I work as an editor, so forgive me beforehand for bringing up something(s) rather grammatical (i.e., not important to most people). But the unnecessary and clunky construction of the politically correct neutral third person singular pronoun really bothers me. Let me unpack that a little.
The following sentence used to be correct: “I’m talking about grammar and stuff, so everyone needs to hang on to his hat.” But feminists decided that sentence was sexist, so they proposed the following: “I’m talking about grammar and stuff, so everyone needs to hang on to his or her hat.” This sentence is more explicit about its gender inclusiveness, but, as you can see, it is less elegant than its more “sexist” predecessor. The other option, a grammatically incorrect one, is: “. . . Everyone needs to hang on to their hat.” Ugh. I almost couldn’t let that sentence stand even for illustrative purposes. Yes, I know that means I have a psychological disorder of some kind. But just wait, it gets worse (my condition, of course). Oh, and if you’re wondering (which you probably aren’t), “their” is not grammatically correct because it is plural whereas “everyone” is singular.
What’s the rub? Ultimately, this “problem” exists because the neutral (i.e., non gender specific) third-person singular pronoun is … masculine. In other words, English, unlike some other languages, does not have a special set of pronouns for gender-neutral or gender-inclusive circumstances. I think this is a throwback to the fact that men usually represented their families as “heads of household,” so their representative capacity was reflected in language (e.g., “mankind,” “all men are created equal,” etc.). This wasn’t an exclusion of women, but an inclusion of women (and children) within a federal system of representation.

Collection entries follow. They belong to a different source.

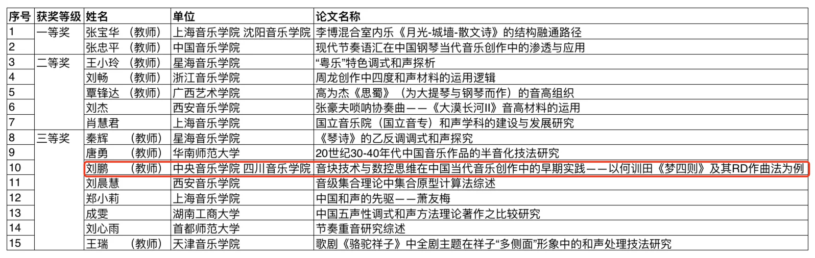4月26日,由国家社科基金艺术学重大项目“中国现当代作曲理论体系形成与发展研究”课题组、上海市作曲理论研究(重点)创新团队联合主办的“论文征集与比赛——百年中国音乐音高&节奏的理论与教学研究”学术活动,历时近5个月后公布了获奖名单。经专家委员会评审,中央音乐学院在站博士后、伟德bv国际体育青年教师刘鹏老师提交的参赛论文《音块技术与数控思维在中国当代音乐创作中的早期实践——以何训田〈梦四则〉及其RD作曲法为例》荣获该项比赛三等奖;作曲系2018级和声专业硕士研究生肖悦提交的参赛论文《音高结构与音乐形态演变关系之研究——以勋伯格〈空中花园〉op.15为例》(指导老师,胡晓教授)荣获该项比赛优秀论文。两篇获奖论文将于6月18日在腾讯会议平台上作线上研讨会进行论文宣讲。
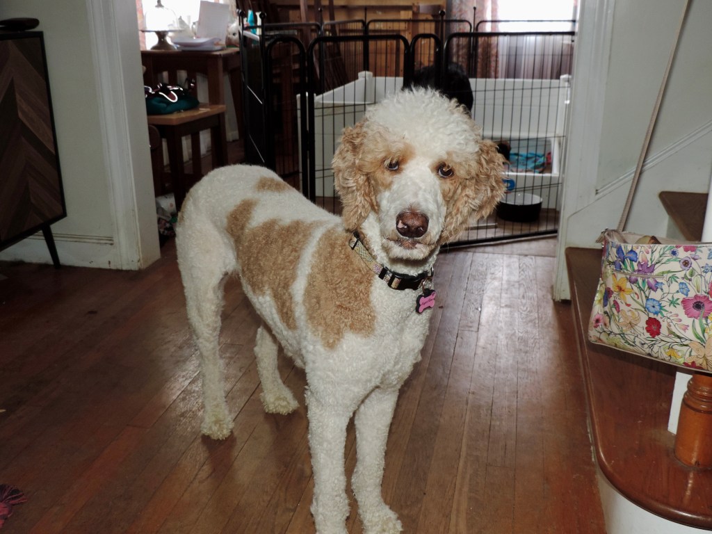 Sugar Boo is our newest addition and is a white and red parti AKC Standard Poodle. She is full of energy and loves kids!
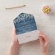 Le tout dans un faire-part de mariage avec une jolie aquarelle feuillage verdoyante et élégante typographie moderne sur un arrière - plan de panneaux de bois bleu rustique. L'invitation comprend une carte RSVP perforée qui peut être adressée individuellement ou laissée vide pour que vous puissiez écrire à la main les coordonnées de votre invité. Conçu par Thisisnotme©
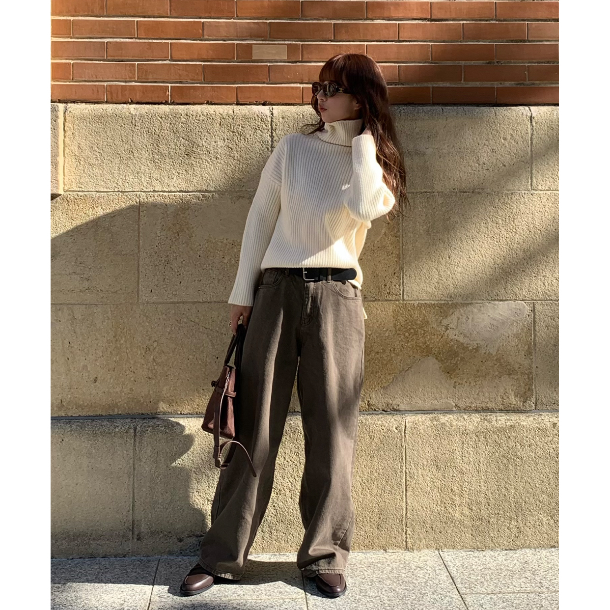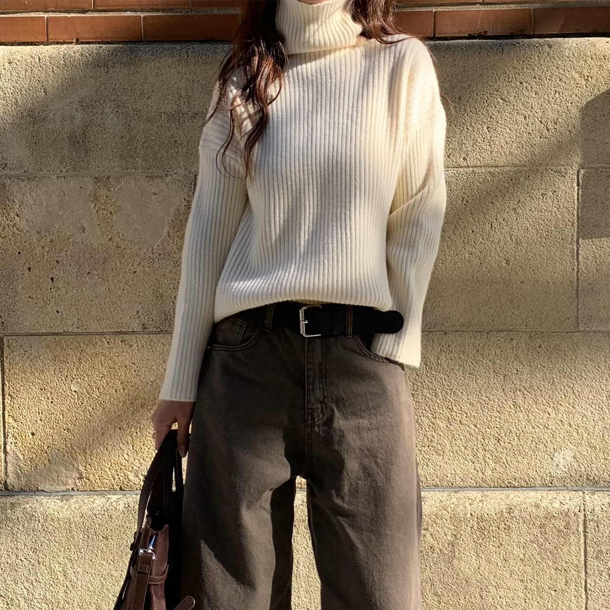 ルーズタートルネックリブニット
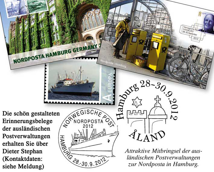 Vom 28. bis 30. September öffnet die alle zwei Jahre in Hamburg stattfindende Nordposta ihre Pforten im Sport- und Freizeitzentrum der HT16 am Sievekingdamm 7. Die Rang-3-Ausstellung präsentiert Sammlungen zahlreicher Sammelgebiete, Info- und Verkaufsstände, einen Jugend-Aktionsbereich und ein interessantes Begleitprogramm (Schwerpunktthema: Polizeiarbeit). Neben der Deutschen Post, die mit vier Sonderstempeln und attraktiven Belegen vor Ort ist, sind auch die Postverwaltungen aus Norwegen, Schweden, Aland und Dänemark mit am Start. Auch sie bringen einige ansehnliche Sonderstempel und Erinnerungsbelege mit. Der Koordinator Nord der „Erlebnis: Briefmarken“-Teams der Deutschen Post, Dieter Stephan, bietet allen BMS-Lesern an, zum Selbstkostenpreis (plus Versandkosten) diese Belege zu beschaffen und gegen Rechnung weiterzuleiten. Wenn Sie diesen ansonsten kostenlosen Service nutzen möchten, schreiben Sie an Dieter Stephan, Windloh 57, 22589 Hamburg, Fax: 040 / 87932618.

This is further emphasized by the fact that women (and children) traditionally took (and take) their husband’s last name as their own. Women are linguistically and legally represented by their husbands or fathers. Feminists hate this kind of representative patriarchal stuff, and I for one am perfectly willing to change out “mankind” for “humankind” and “all men” for “all people” if it makes them happy (which it won’t). But I just can’t bring myself to do the “he or she,” “he/she,” “his or her” thing. It’s just ugly and unnecessary. And … drumroll, please … I think I have found at least one very commonly used language construct, which was at least at one time very connected to male representative headship (and ownership), that feminists have never tried to alter even in their own usage. Want to know what it is?

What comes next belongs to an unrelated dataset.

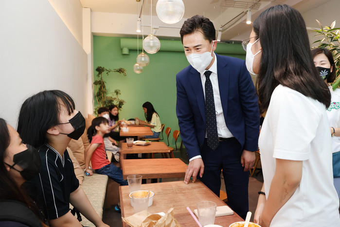 오언석 서울 도봉구청장은 지난 18일 ‘청소년 마을식당’ 1주년 한살데이(DAY)를 기념해 ‘마을활력소 초록뜰’과 ‘초록카페’를 방문해 지역 청소년들을 만나 함께했다. 사진은 ‘청소년 마을식당’ 1주년 한 살데이(DAY)에 참석해 오 구청장(오른쪽 두 번째)이 청소년들과 이야기를 나누고 있는 모습. (사진제공=도봉구청)
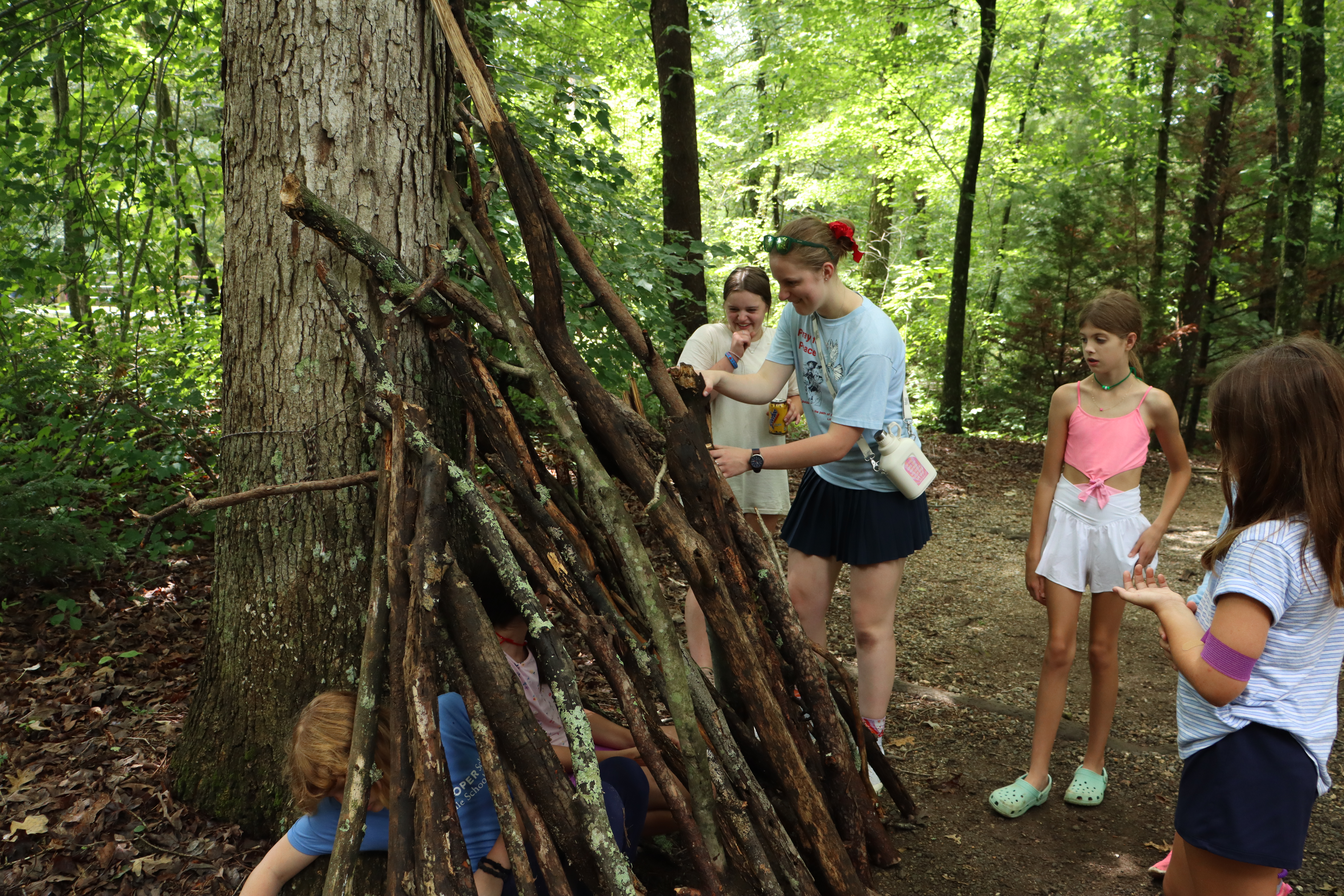 Outdoor Adventure class built a small shelter out of materials found in the woods! It seems to have held up well!

That’s what I thought. But I’m going to tell you anyway. Do you know why there is an apostrophe in the English possessive? An apostrophe normally indicates that some letters have been removed, and the mark stands in for those letters in most cases. I won’t go into the far reaches of Germanic etymology, but in the more recent sixteenth century, a folk etymology developed for the “apostrophe s” of possessives which assumed that they were a contraction of the word “his.” For this reason, many people, for a time, replaced the contracted form with what they thought was the more formal, protracted form (especially in legal documents). “King James’s majesty” became “King James His Majesty.” “John’s grammar” became “John his grammar.” Et cetera.

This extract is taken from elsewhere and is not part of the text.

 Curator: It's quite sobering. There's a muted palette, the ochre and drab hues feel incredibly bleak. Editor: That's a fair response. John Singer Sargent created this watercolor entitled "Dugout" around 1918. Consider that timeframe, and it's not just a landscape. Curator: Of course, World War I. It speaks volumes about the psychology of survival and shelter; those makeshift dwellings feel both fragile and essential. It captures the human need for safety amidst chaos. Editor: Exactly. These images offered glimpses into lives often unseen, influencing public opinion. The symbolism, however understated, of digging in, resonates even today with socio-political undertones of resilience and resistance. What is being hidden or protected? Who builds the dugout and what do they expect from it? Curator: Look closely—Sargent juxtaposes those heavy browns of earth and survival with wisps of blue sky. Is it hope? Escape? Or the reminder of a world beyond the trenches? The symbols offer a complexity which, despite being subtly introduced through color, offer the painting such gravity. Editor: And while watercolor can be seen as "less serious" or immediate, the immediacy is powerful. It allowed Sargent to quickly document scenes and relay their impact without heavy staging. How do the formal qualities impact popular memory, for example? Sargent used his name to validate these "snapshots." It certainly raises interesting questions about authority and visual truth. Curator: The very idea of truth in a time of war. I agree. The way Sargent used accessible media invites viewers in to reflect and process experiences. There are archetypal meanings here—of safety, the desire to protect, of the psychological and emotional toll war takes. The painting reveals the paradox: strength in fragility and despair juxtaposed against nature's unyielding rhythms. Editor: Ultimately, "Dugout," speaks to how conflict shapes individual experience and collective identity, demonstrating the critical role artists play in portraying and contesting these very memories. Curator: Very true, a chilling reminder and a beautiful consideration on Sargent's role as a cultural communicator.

So after that brief lesson in grammar and etymology, I think you can see that feminists have really let one slip here. They use the same possessive (’s) for both males and females even though Elizabethan Englishpeople (notice I did not say “Englishmen” out of deference) once believed the apostrophe-s to be a contraction of the singular masculine pronoun. Scholarly scandal! This just cannot stand.
So I have a possessive proposal to rectify the abuses women have had to endure at the hands of masculine linguistic representation. Starting immediately, all feminists should start using the possessive form ’r (for “her”) when referring to a woman’s (Uh … I mean “woman’r”) things. That’s right. The feminist her consistency and honor depends on it.